Harper’s threaten to dislodge The NewYorker as my favourite magazine. Drifting away from my usual course, I entered Victoria Plaza’s second floor Bookshop the other day and discovered an old Harper’s issue on its shelves, marked P20.00. When I opened the plastic-wrapped copy after I paid, the cover page immediately detached from its main body, and the pen scratches that I thought was only on its plastic cover, were actually scribbled on its cover, right on top of the caricature of William Finnegan’s title essay on the “Economics of Empire.” I threw the cashier a puzzled, and then, an accusatory look. The cashier pretended not to notice. Feeling very much cheated and duped, I was about to open my mouth to complain. But realizing that the cashier did not really valued or cared for what I valued, anyway, I decided to keep quiet.
At home, with the help of a scotch tape, scissors and all the love I could muster, I restored the old Harper’s back to its old glory and respectability. I still glanced with pain and grave irritation at the pen scribbling on its cover, but reading its pages, I began to delight on its highly-critical essays, which are ironic and iconoclastic at their best. But what I really appreciated were the artworks on its pages, announcing exhibits of certain artists on certain dates somewhere.
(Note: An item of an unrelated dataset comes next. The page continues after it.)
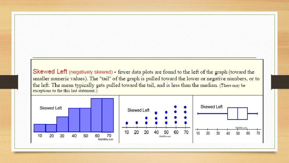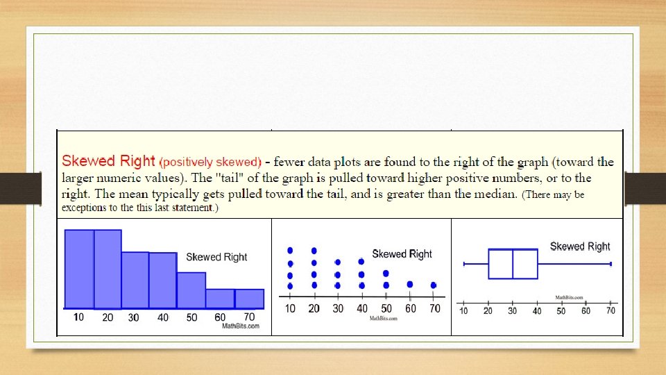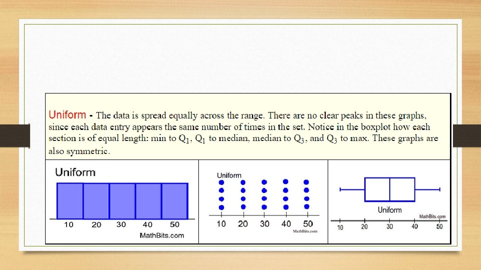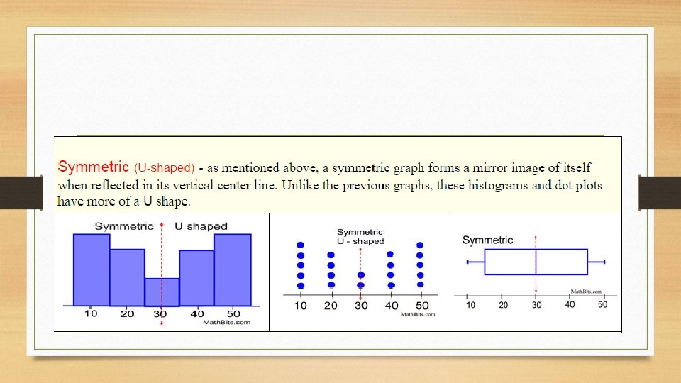 Distributions of Data • When graphed, the data in a set is arranged to show the points are distributed throughout the set. These distributions show the spread (dispersion, variability, scatter) of the data. The spread may be stretched (covering a wider range) or squeezed (covering a narrower range). • The shape of a distribution is described by its number of peaks and by its possession of symmetry, its tendency to skew, or its uniformity. (Distributions that are skewed have more points plotted on one side of the graph than on the other. )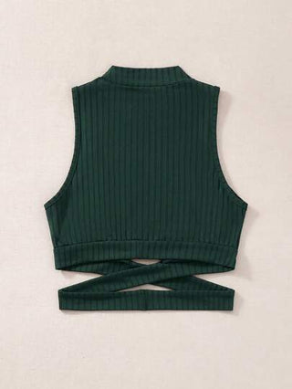 Flirla لباس علوي تانك متقاطع مقصوص الخصر وقوف الياقة

I was particularly drawn by Keith Carter's art photo, “Conversation with an Owl,” and kept returning to it over and over again, marveling at the owl, a small object depicted in sharp focus, in contrast to the blurred figure of a man, crouching before it.

Monday, September 16, 2013

Eons ago, five months ago

On March 24, 2013, I had a very difficult time navigating my life. My table, as usual, was in a state of disarray. I could hardly touch anything. I was bothered by my pile of books gathering dust on top of that table. They included the upturned copy of Mark Twain’s "Letters from the Earth," which I promised to return back to Sheilfa’s pile at the Inquirer; "Soldedad’s Sister," which I reread again after an (almost) violent argument with Tyrone, who was furious that Butch Dalisay wrote about some disillusioned activist in his earlier book “Killing Time in a Warm Place,” when there were lots of activists who were not disillusioned; D’s copies of Paulynn Sicam’s "Heart and Mind" and Newsbreak’s "The Seven Deadly Deals," to read while we’re finishing our book, "State of Fear" and D was about to deliver a son; Lexa Rosean’s "Tarot Power," which served as my amulet against bad energy and souring friendships; Sheilfa’s Willa Cather’s "The Pioneer," on top of Ninotchka Rosca’s "State of War" on top of Ann Perry’s "The Street" on top of "The Joy of Yoga," which Prateesh and me bought in a bookstore somewhere near the SM North Edsa’s in 2009, the year Prateesh told me her Ma loved yoga but she could never take to it; DM Tomas' "Alexander Solzhenitsyn," someone's "Media Law," and "Stop the Killings in the Philippines" at the bottom. They were all gathering dust because I can’t touch them yet; I was still in the midst of Doris Lessing's "Briefing for a Descent into Hell" and Thomas Hardy’s biography written by his wife Florence, but which, University of Kent professor Michael Irwin said Thomas Hardy must have written himself.

Thursday, September 12, 2013

Heartbroken

I keep posting nonsense here because the trip that would have brought me to see dear old Prateesh in Penang, Malaysia, got canceled and it really, really, really broke my heart.